In response to concerns raised by the coalition, the governor's office responded that it valued its relationship with the API Caucus.

"Racism and xenophobia have no place in California -- not during a public health emergency when it is essential we come together to support all of our communities -- not ever," spokesman Jesse Melger said in a statement to LAist.

Most of the incidents reported have involved verbal attacks and shunning, but sometimes involve assault, according to Stop AAPI Hate. A few examples from the online tracker:

  • In San Francisco, someone threw a bottle at an Asian American woman while she put her baby in a car seat and yelled "Go home, Chink!"
  • A video surveillance camera captured another incident in San Francisco where a white male used a bent elbow to strike an Asian American man in the back and yelled "Chinaman, go back to China!"
  • In Los Angeles, an Asian American family was reportedly harrassed in the elevator of their apartment complex by a couple without face coverings who said "This f**king virus came from your motherf**king country" and "You nasty as roaches."
  • In Rosemead, an Asian American reported that "three Hispanic and two White individuals entered the store and cut in front of me. I spoke up and said, 'Hey, I've been in line and I'm next.'" Then the Asian American was name-called and spat on, and told to keep waiting. "The cashier spoke up and said they had (to) stop that and asked if I wanted to call the police.
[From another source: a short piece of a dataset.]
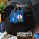 Etiqueta de bagagem perfeita para o seu pequeno enrolador. Esta etiqueta de baseball tem uma luva de baseball, uma luva de baseball, um taco de baseball e um chapéu de baseball. O nome do garoto está escrito no beisebol. Um fundo azul brilhante facilita a busca.

I declined and left the store immediately, not wanting any more confrontation."
  • A Santa Clara resident reported that a man kicked his dog and told him to shut his dog up, then spat on him, saying "Take your disease that's ruining our country. Go home."

Donalene Ferrer, a nurse who identifies as Asian American, joined Wednesday's call to talk about her personal run-in with racism in April while she and her teenaged daughter visited her mother in Oceanside and took a walk with their masks on.

A neighbor who lives three doors down from Ferrer's mother drove by with his family and shouted: "You started the corona!"

Ferrer walked over to that family's house: "So I just kind of told them 'For your information, I'm a nurse. My dad was in the military, he fought for this country, and you really shouldn't be teaching your kids racism."

Ferrer said the woman in the family started shouting obscenities at her, and her mother convinced her to walk away.

"I just feel like there's something definitely in the air," Ferrer said. "I just couldn't believe it happened to me and my daughter and my mom."